Section 2254(d)(1) refers, in the past tense, to a state-court adjudication that "resulted in" a decision that was contrary to, or "involved" an unreasonable application of, established law. This backward-looking language requires an examination of the state-court decision at the time it was made. It follows that the record under review is limited to the record in existence at that same time -- i.e., the record before the state court.

 
Because the Court in Pinholster declined to overrule Williams, evidentiary hearings remain appropriate in habeas corpus proceedings so long as the petitioner tried to develop his evidence in state court. But because Section 2254(d) precludes consideration of newly-developed evidence, it is not obvious what purpose those hearings could actually serve.

There are actually several purposes, as Justice Breyer’s concurring opinion in Pinholster explains. These include the following:
§ 2254(d)(1) does not leave AEDPA's hearing section, § 2254(e), without work to do. An offender . . . must first present a claim (including his evidence) to the state courts. If the state courts reject the claim, then a federal habeas court may review that rejection on the basis of the materials considered by the state court. If the federal habeas court finds that the state-court decision fails (d)'s test . . . , then an (e) hearing may be needed.

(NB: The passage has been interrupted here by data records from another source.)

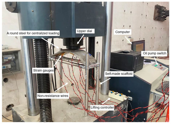 Based on ASTM-C393-00 [20], line loading tests on both 3DPC thin-shell structure and traditional concrete structure were carried out through a Micro Servo-Hydraulic Universal Testing Machine with a maximum load capacity of 300 kN. Three samples were tested for each testing series. As shown in Figure 5, the width directions of the thin-shell structure were fixed at both ends of the self-made scaffold, and the mid-span position was directly under the geometric center of the lower piston. To better realize the line loading test while ensuring the accuracy of test results, a round steel bar with a diameter of 1 cm was customized. Before tests, the pressure-bearing round steel was compacted by the upper dial compact and the interface was coated with a certain amount of lubricant. Thin structures were loaded from 0 kN and a fixed rate of 2 mm/min was set until failure of samples.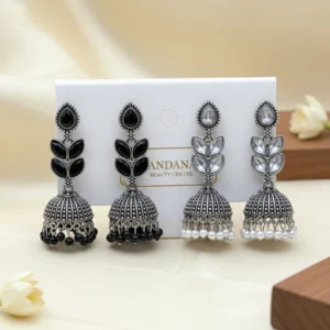 ₹168.00(0)Timeless silver-tone oxidised jhumka combo in dramatic black & pristine white – instant ethnic drama for every look. -
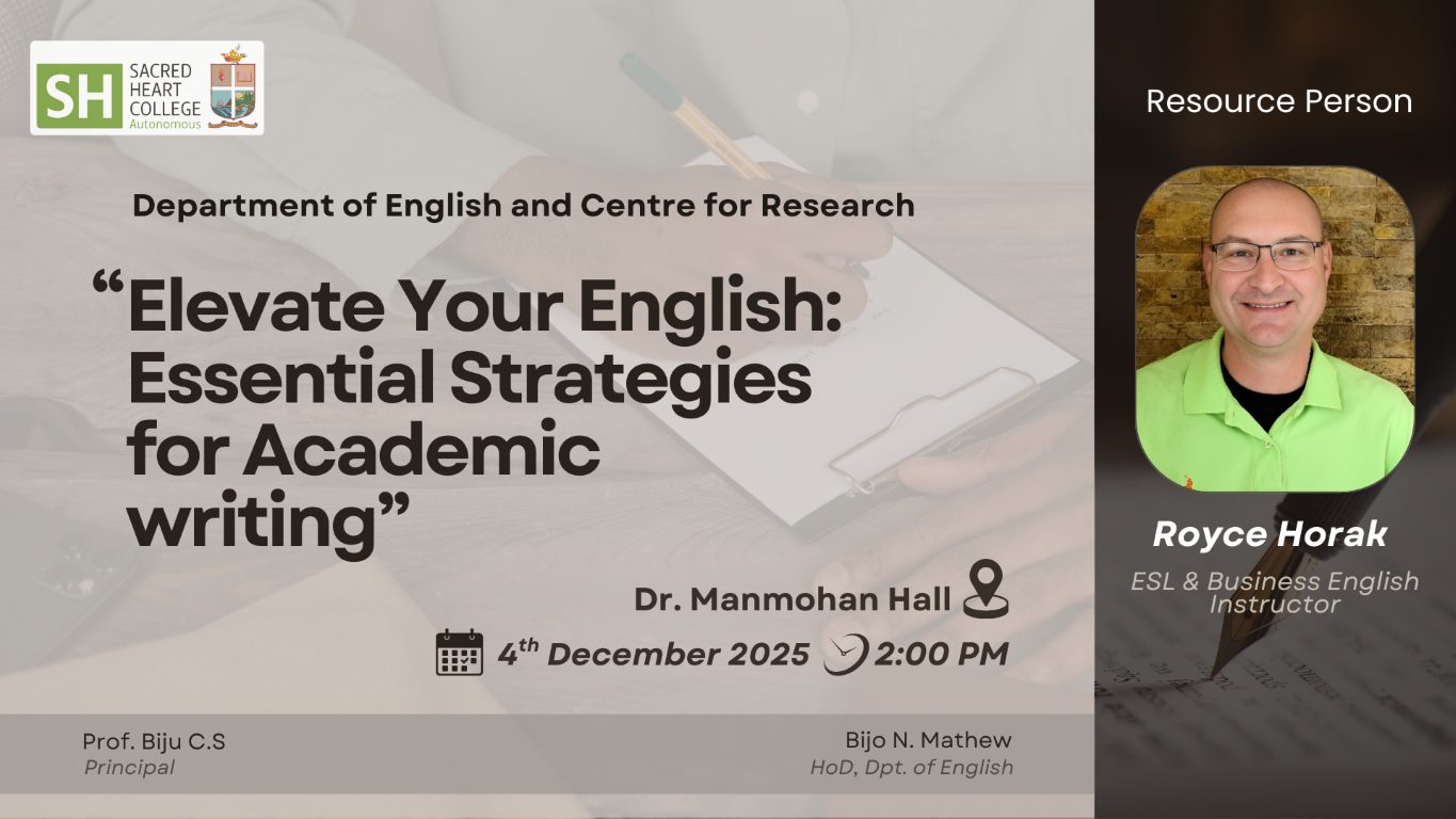 The Department of English and Centre for Research is organising a session titled “Elevate Your English: Essential Strategies for Academic Writing” on 4th December 2025 at 2:00 PM in Dr. Manmohan Hall. The resource person for the session is Mr. Royce Horak, ESL & Business English Instructor. The event will be graced by Prof. Biju C. S., Principal, and Mr. Bijo N. Mathew, HoD, Department of English.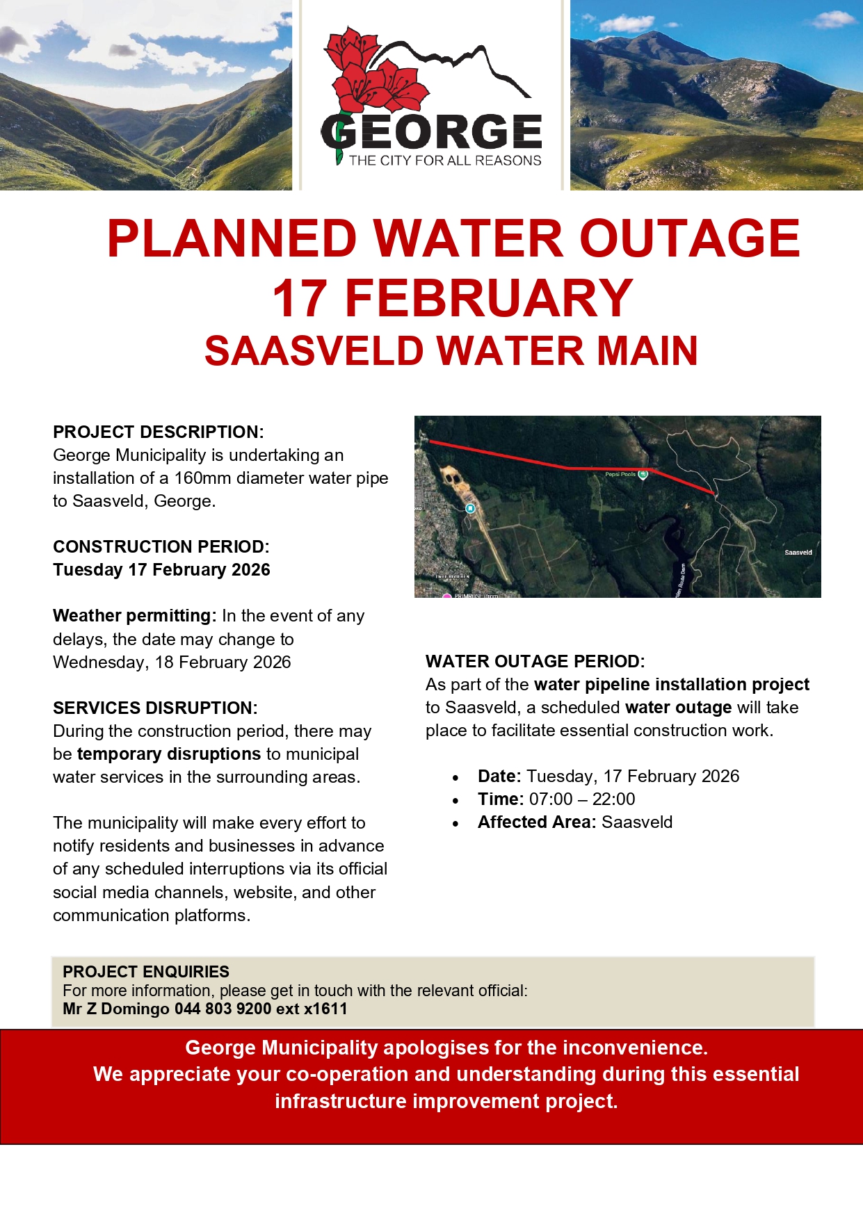 Planned water outage: portion of Saasveld (Nelson Mandela University (NMU) affected ONLY) Home / Notices /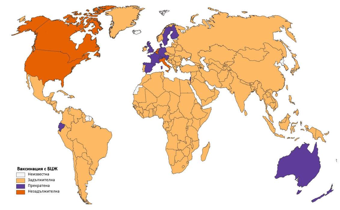 Като гледаме географското разположение на страните от Фигура 5, то вероятно можем да изключим климата като съществен фактор. Разделителната линия запад-изток изглежда по-вероятна. Според едно изследване (13), отново в медицинския архив, се твърди, че страните със задължително имунизиране против туберкулоза с БЦЖ ваксина показват много по-малка степен на заразяване от страните, в които ваксинирането не е задължително или е прекратено. Границата на задължително прилагане на БЦЖ ваксината минава точно между запад и изток (14). Социалистическото минало за пореден път ни спасява.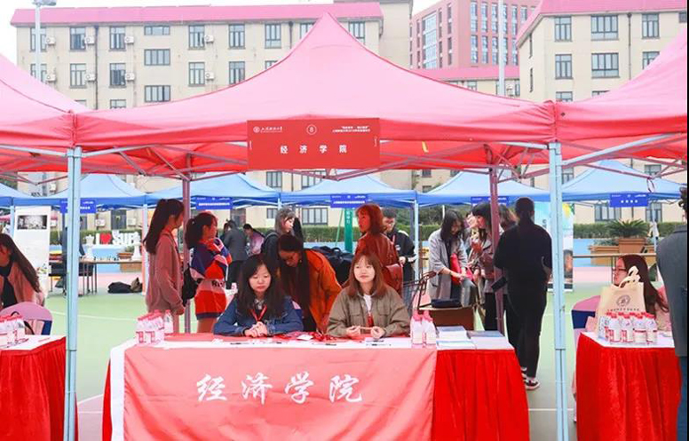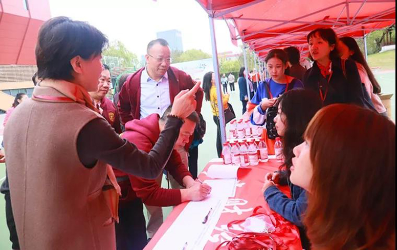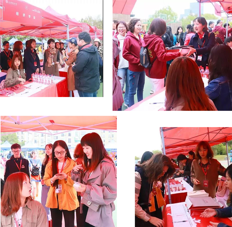 清晨7点30分,国定体育馆广场前8号经济学院展台前,校友工作的老师与志愿者学生们已经就绪,等候大家返校。在这里,校友们按事先通知的方位图找到自己的“家门”,进行签到,并领取一系列活动纪念品。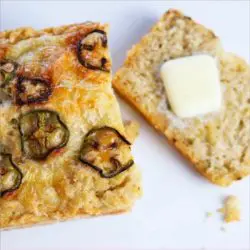 6.Pour the remaining butter over the batter and top with the remaining Rupert and the jalapeño slices.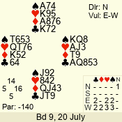 | Con | Dc | Res | Score | Ld | Pairs | Rd | Tbl | | 3 N | W | -3 | 150 | 6 | 01 - 02 | 6 | 1 |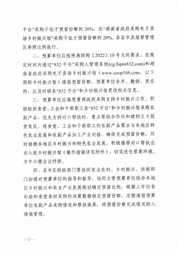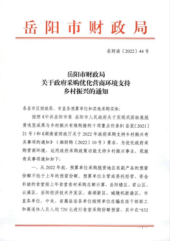 岳阳市财政局关于政府采购优化营商环境支持乡村振兴的通知-岳财函〔2022〕44号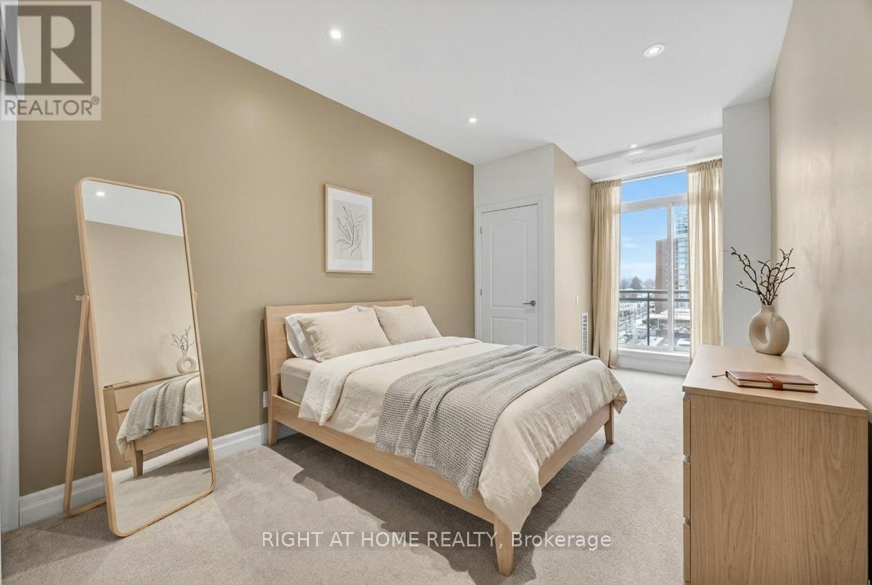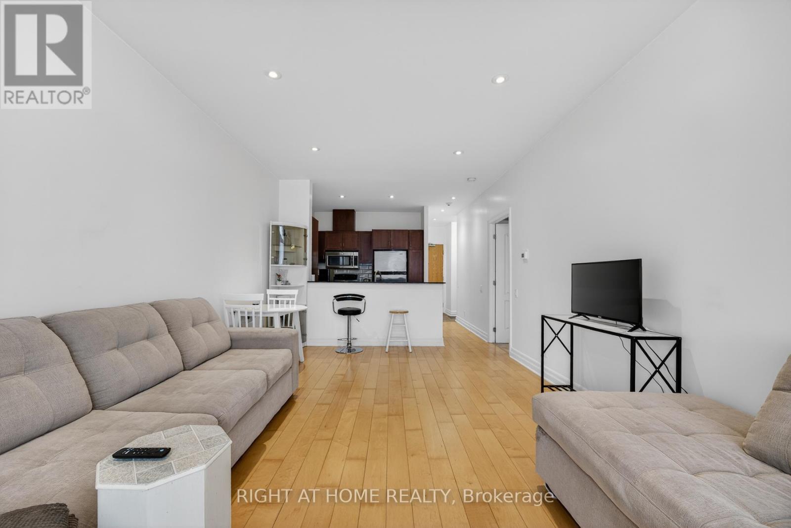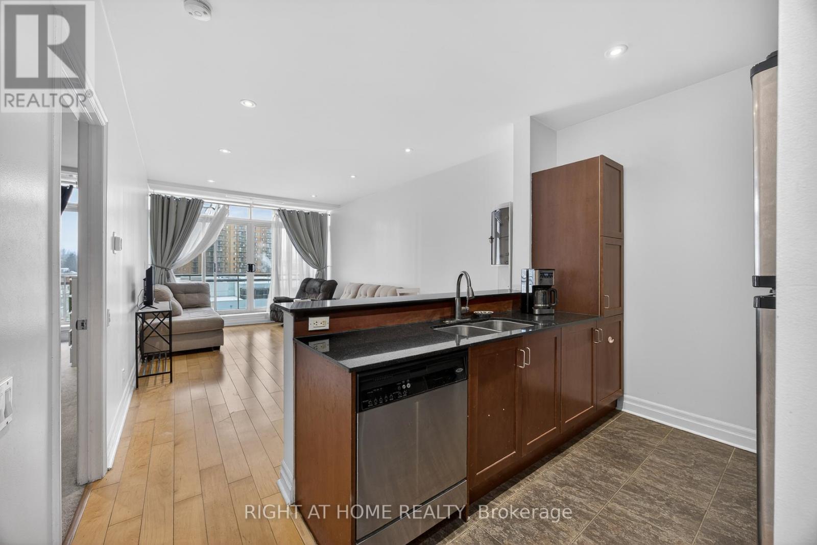 Welcome to this pristine, intelligently designed 1-bedroom plus den unit in the heart of Downtown Oshawa. Tucked away in a quiet corridor far from the noisy elevator banks, this unit is engineered for daily living. Unlike chopped-up floorplans that waste square footage, this bright, open-concept layout maximizes your primary living areas with 9-foot ceilings, pot lights, and fresh paint. The kitchen features stainless steel appliances and a breakfast bar, flowing seamlessly into an expansive living space. A versatile den works perfectly as a home office, nursery, or guest space. Step out onto the large, private balcony-accessible from both the living area and the bedroom-to enjoy unobstructed, glare-free North views. This quiet sightline completely avoids the heavy traffic noise. Highly efficient with low carrying costs, this unit simply performs well for first time home buyers, or investors. It includes one parking spot in the secure second-floor garage and one locker. Enjoy premium building amenities including a gym, sauna, party room, and meeting room. Conveniently located near Lakeridge Health Oshawa, Ontario Tech University, the GO Station, and transit right at your doorstep. Bonus: A planned dedicated transit lane for Bond Street will soon connect Oshawa directly to U of T Scarborough. (id:64974)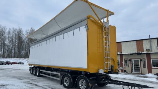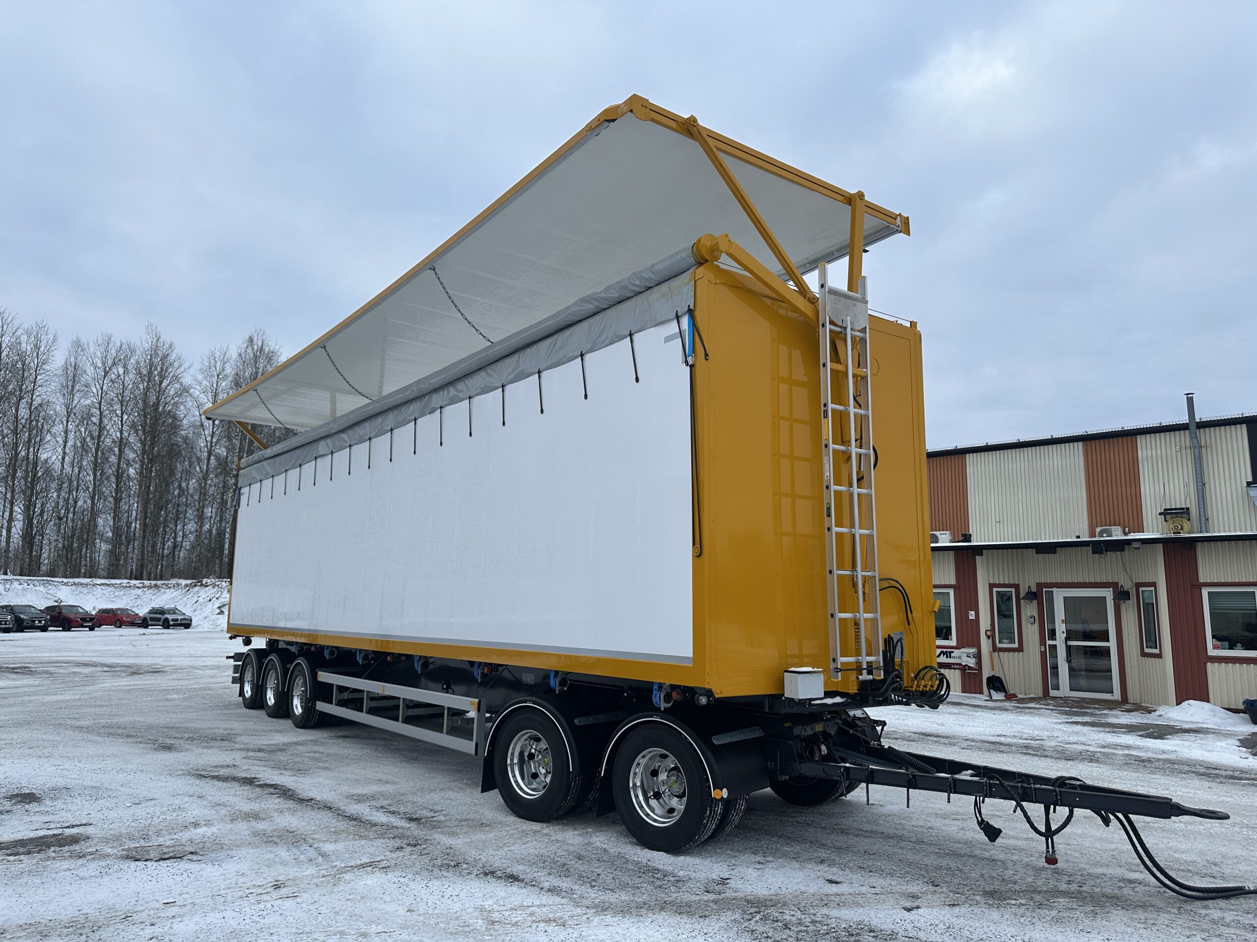 Utrustning på släpet är bland annat STEFFEN-axlar med Bevoguard däcktryckssystem och axellyft, MT strölåda, MT bandspännare och MT helisolerade golvskiva.

For example, if the state-court rejection assumed the habeas petitioner’s facts (deciding that, even if those facts were true, federal law was not violated), then (after finding the state court wrong on a (d) ground) an (e) hearing might be needed to determine whether the facts alleged were indeed true.

 
Under Justice Breyer's reasoning, Pinholster created a two-step review process for any case in which the state court denied a prisoner the opportunity to prove the facts supporting his claim, and instead ruled solely on the basis of his factual allegations. First, a petitioner must show that the state court decision was unreasonable under Section 2254(d) on the basis of the evidence (or allegations) before the state court. Second, if the petitioner can satisfy Section 2254(d), he must prove as a factual matter -- and under a de novo standard of review -- that he is entitled to habeas corpus relief under Section 2254(a), i.e., that he "is in custody in violation of the Constitution or laws or treaties of the United States."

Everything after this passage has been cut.